Given data:
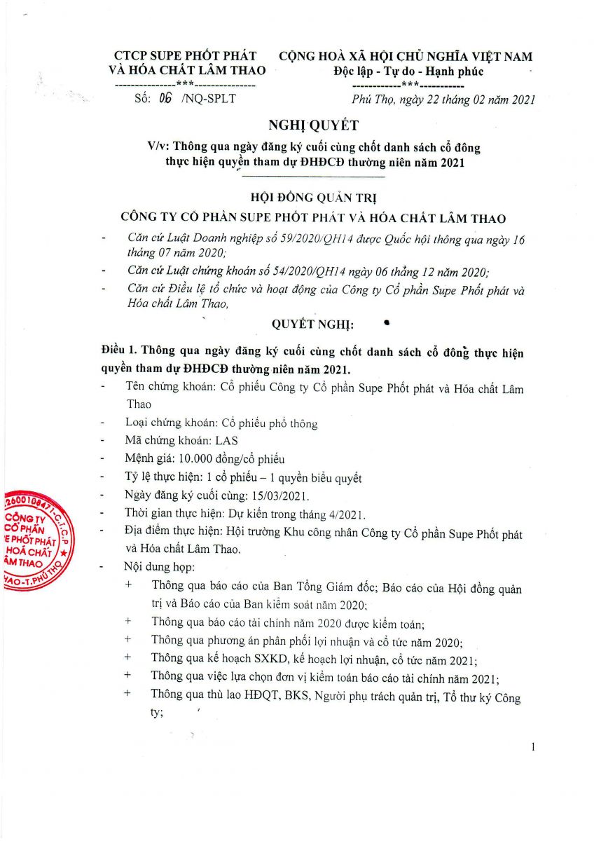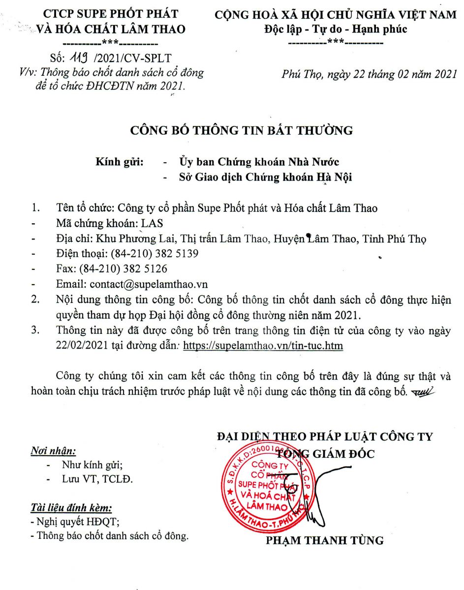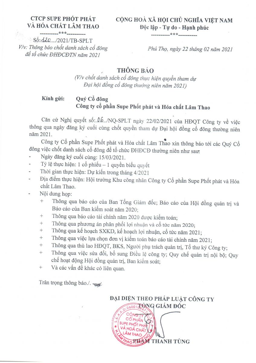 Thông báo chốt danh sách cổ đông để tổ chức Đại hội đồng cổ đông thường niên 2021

* * *

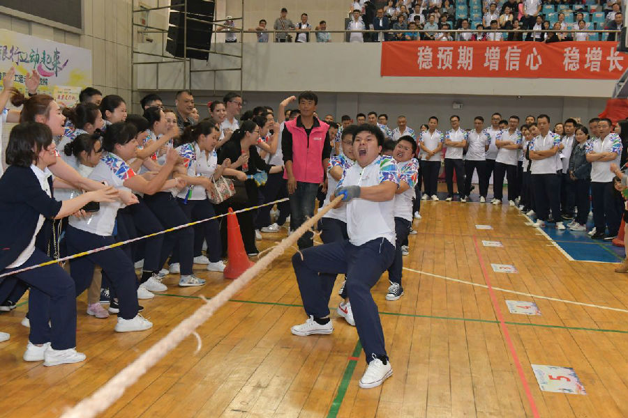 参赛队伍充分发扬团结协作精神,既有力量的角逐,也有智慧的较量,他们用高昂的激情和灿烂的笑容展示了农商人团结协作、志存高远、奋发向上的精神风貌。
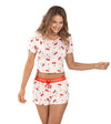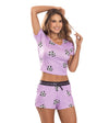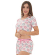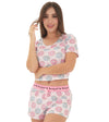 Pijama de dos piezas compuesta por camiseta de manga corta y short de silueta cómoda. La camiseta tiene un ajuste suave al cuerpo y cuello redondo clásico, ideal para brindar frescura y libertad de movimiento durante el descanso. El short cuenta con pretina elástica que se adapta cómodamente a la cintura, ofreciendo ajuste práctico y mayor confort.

Exercise brief:
In the records above, find the line containing "参赛队伍充分发扬团结协作精神" and the line containing "Pijama de dos", then give both of them again word for word along with every line between. Omit any pictures.

Problem solution:
 参赛队伍充分发扬团结协作精神,既有力量的角逐,也有智慧的较量,他们用高昂的激情和灿烂的笑容展示了农商人团结协作、志存高远、奋发向上的精神风貌。
 Pijama de dos piezas compuesta por camiseta de manga corta y short de silueta cómoda. La camiseta tiene un ajuste suave al cuerpo y cuello redondo clásico, ideal para brindar frescura y libertad de movimiento durante el descanso. El short cuenta con pretina elástica que se adapta cómodamente a la cintura, ofreciendo ajuste práctico y mayor confort.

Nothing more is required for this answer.